Сначала закон тотальности: любое противоречие, противостояние или враждебность между группами внутри организма может приобрести политический характер, если достигнет точки, когда группа или единица воспринимает другую группу, класс или слой как реального врага. Когда внутри организма возникает такая единица, это влечет за собой либо возможность гражданской войны, либо жестокий кризис, делающий организм уязвимым к порче или разрушению извне. Поэтому всякий организм в силу самого своего существования характеризуется тем, что берет в свои руки власть над любой ситуацией. Это не означает, что он тотально планирует жизнь населения — экономическую, социальную, религиозную, образовательную, правовую, техническую, рекреационную. Это означает лишь то, что все эти аспекты подлежат политической детерминации. Некоторые из них нейтральны в одних государствах, но находятся в центре внимания в других. Однако любой организм будет вмешиваться, если его внутренняя группировка попадет в фокус размежевания «друг-враг». Это относится к любым политическим единицам совершенно независимо от того, что написано в их конституциях, если таковые имеются.

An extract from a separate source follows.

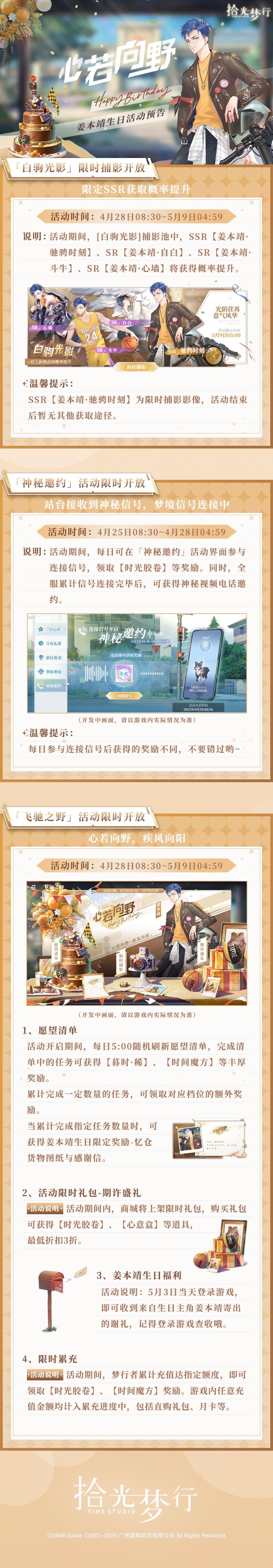 活动时间:4月25日08:30~4月28日04:59,每日可在「神秘邀约」活动界面 ,领取【时光胶卷】等奖励。同时,全服累计信号连接完毕后,可获得神秘视频电话邀约。
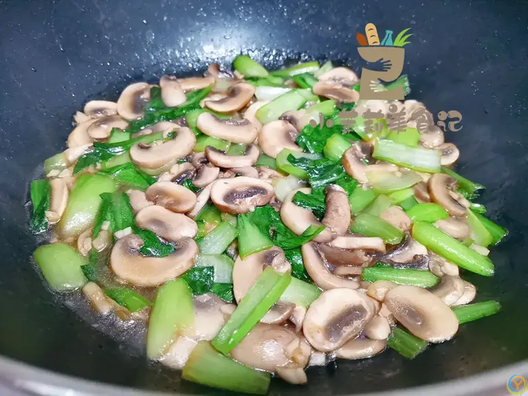 4、炒菌类的时候,要多备些蒜,能让香味翻倍。届时把锅烧热烧干,倒些油,一半的蒜进去,扒拉两下就把口蘑倒里边,铲子一直翻动,这样可以快速炒透,鲜味释放出来。

Закон тотальности распространяется на индивидов, экзистенциально погружая их в жизнь организма. Политика берет на учет жизнь каждого человека в пределах политической единицы. Самим своим существованием организм требует от всех индивидов, служащих его самоосуществлению, готовности рисковать жизнями. Другие группы могут требовать взносов, периодического присутствия на встречах, выделения времени на общие проекты. Однако стоит им потребовать — в силу непреодолимости органического закона тотальности — от своих членов готовности сложить за группу головы, как они сразу становятся политическими. Французский профессор общественного права Ориу считал критерием политической единицы то, что она поглощает индивида полностью, тогда как неполитические группы задействуют его только частично.
Если сформулировать закон тотальности иначе, то группа, претендующая на статус политической, должна потребовать от своих членов экзистенциальной клятвы. Взяв таковую, она становится политической.
Стоит ли уточнять, что закон тотальности — вовсе не производное от воинской повинности. Последняя существует в пределах высокой культуры всего несколько столетий, тогда как закон тотальности применим к самой культуре, когда она конституирована как политический организм, а в период концентрации политики в государствах данной культуры — соблюдается для любого отдельного государства. Как все органические законы, он является экзистенциальным: если какая-либо внутренняя сила бросает ему вызов, значит организм болен; не справившись с вызовом, организм оказывается в жестоком кризисе и может быть уничтожен. В любом случае его единство временно под вопросом, и появляется возможность расчленения внешними державами.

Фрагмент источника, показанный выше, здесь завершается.